Morton, a BU lacrosse alum and former assistant coach at Duke, admits she’s been around a fair share of dual-sport athletes. But, she says, never one playing a winter sport straight into a spring sport. 

There is some precedent for it — Kenzie Kent, a former lacrosse star at powerhouse Boston College, was also on the Eagles’ hockey team and was a team captain her senior year in 2018. She’s now an assistant lacrosse coach at Harvard.

Law, naturally, knows all about her.

“The first time I met [Law],” Morton recalls, “she was like ‘I want to be the Canadian Kenzie Kent.”

But Kent is only a famous outlier. When Watchorn, a former BU hockey star and Olympic gold medalist, is asked about what Law is doing, she says simply: “It’s almost unheard of.”

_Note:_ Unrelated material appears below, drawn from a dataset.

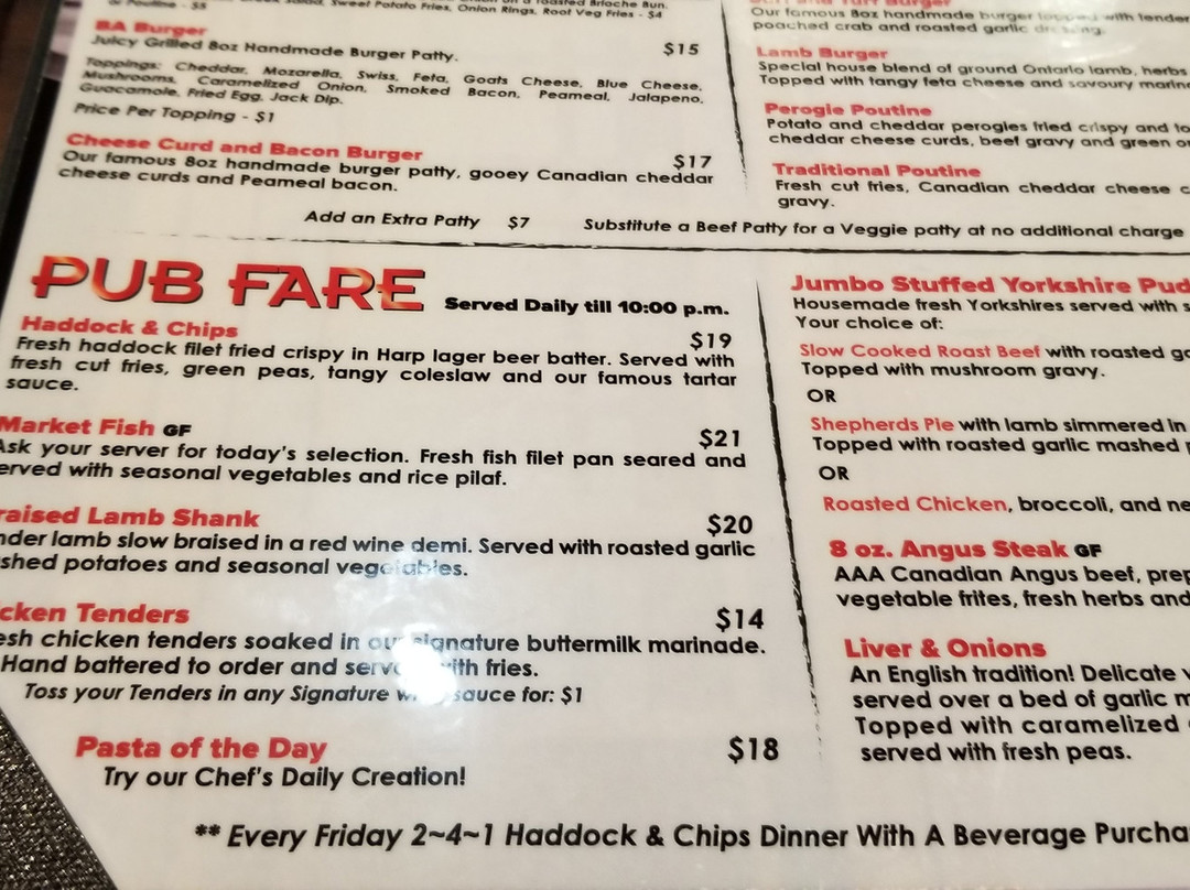 ¥¥ - ¥¥¥,美式烹饪,爱尔兰菜,酒吧餐,酒馆,加拿大菜,餐厅

Because it’s risky. Because it’s a lot. But this is what Law’s been working for her entire life.

And besides, for someone as sport-obsessed as Law, playing two sports instead of one? That just means more games and less offseason. “I always say to our team,” Morton says, “you would much rather be in season and playing games than just practicing all the time.”

“So I think for her,” Morton adds, “it’s just really fun to be able to have two seasons.”